The US needed to know all viewpoints including those of Ms Sands-McKevitt and those who say that the Belfast Agreement "is not a step forward but will delay the resolution of the Irish conflict by allowing the British to continue to deny Irish national sovereignty".
Mr Galvin said the 32-County Sovereignty Movement was "totally separate" from the military organisation or `Real IRA' in the same way Sinn Fein was separate from the Provisional IRA.
He would not comment on a statement of Congressman Peter King this week that "the `Real IRA' and the 32-County Sovereignty Committee have no support among Irish-Americans.
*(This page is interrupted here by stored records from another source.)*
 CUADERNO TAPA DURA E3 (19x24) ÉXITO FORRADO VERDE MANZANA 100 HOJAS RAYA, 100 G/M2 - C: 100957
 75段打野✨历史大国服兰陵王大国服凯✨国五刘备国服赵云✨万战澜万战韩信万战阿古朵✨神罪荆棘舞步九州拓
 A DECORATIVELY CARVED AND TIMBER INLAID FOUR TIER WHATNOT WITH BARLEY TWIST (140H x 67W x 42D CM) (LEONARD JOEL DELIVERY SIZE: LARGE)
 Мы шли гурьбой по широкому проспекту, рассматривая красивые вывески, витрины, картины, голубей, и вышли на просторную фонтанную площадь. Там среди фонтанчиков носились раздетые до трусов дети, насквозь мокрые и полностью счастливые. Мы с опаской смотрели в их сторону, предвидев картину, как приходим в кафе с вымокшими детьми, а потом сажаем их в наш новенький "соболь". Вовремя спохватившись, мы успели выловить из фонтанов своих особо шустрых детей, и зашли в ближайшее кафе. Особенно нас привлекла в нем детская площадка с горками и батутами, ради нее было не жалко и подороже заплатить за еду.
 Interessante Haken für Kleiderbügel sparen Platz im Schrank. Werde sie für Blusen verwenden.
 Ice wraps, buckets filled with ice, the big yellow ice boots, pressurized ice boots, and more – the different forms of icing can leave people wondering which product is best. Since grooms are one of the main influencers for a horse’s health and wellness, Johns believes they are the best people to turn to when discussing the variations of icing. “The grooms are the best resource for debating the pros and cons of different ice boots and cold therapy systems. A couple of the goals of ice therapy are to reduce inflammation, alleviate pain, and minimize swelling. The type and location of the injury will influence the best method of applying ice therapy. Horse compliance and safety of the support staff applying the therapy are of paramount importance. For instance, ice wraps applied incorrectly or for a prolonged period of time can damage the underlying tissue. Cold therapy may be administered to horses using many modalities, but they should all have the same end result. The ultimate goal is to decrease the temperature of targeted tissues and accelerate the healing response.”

We know them for what they are - vicious murderers who are attempting to destroy the Good Friday Agreement and the cause of peace and justice in Ireland."
Mr Galvin, a former director of publicity for Noraid, was "deeply saddened and stunned to learn of the Omagh tragedy".
He understood there were "a number of warnings which were intended to ensure that no civilians were injured and that no civilians would be at risk, but that does not absolve anyone of responsibility in the context of what happened".
He asked people "to look at the context of the whole situation of British rule in Ireland". He said that "British rule and the denial of Irish national sovereignty had caused conflict in Ireland so often and will do so again".
Asked about his plans for fund-raising for dissident republican prisoners not covered by the Belfast Agreement, Mr Galvin said that a new newspaper had been started but "we are now looking at the whole situation".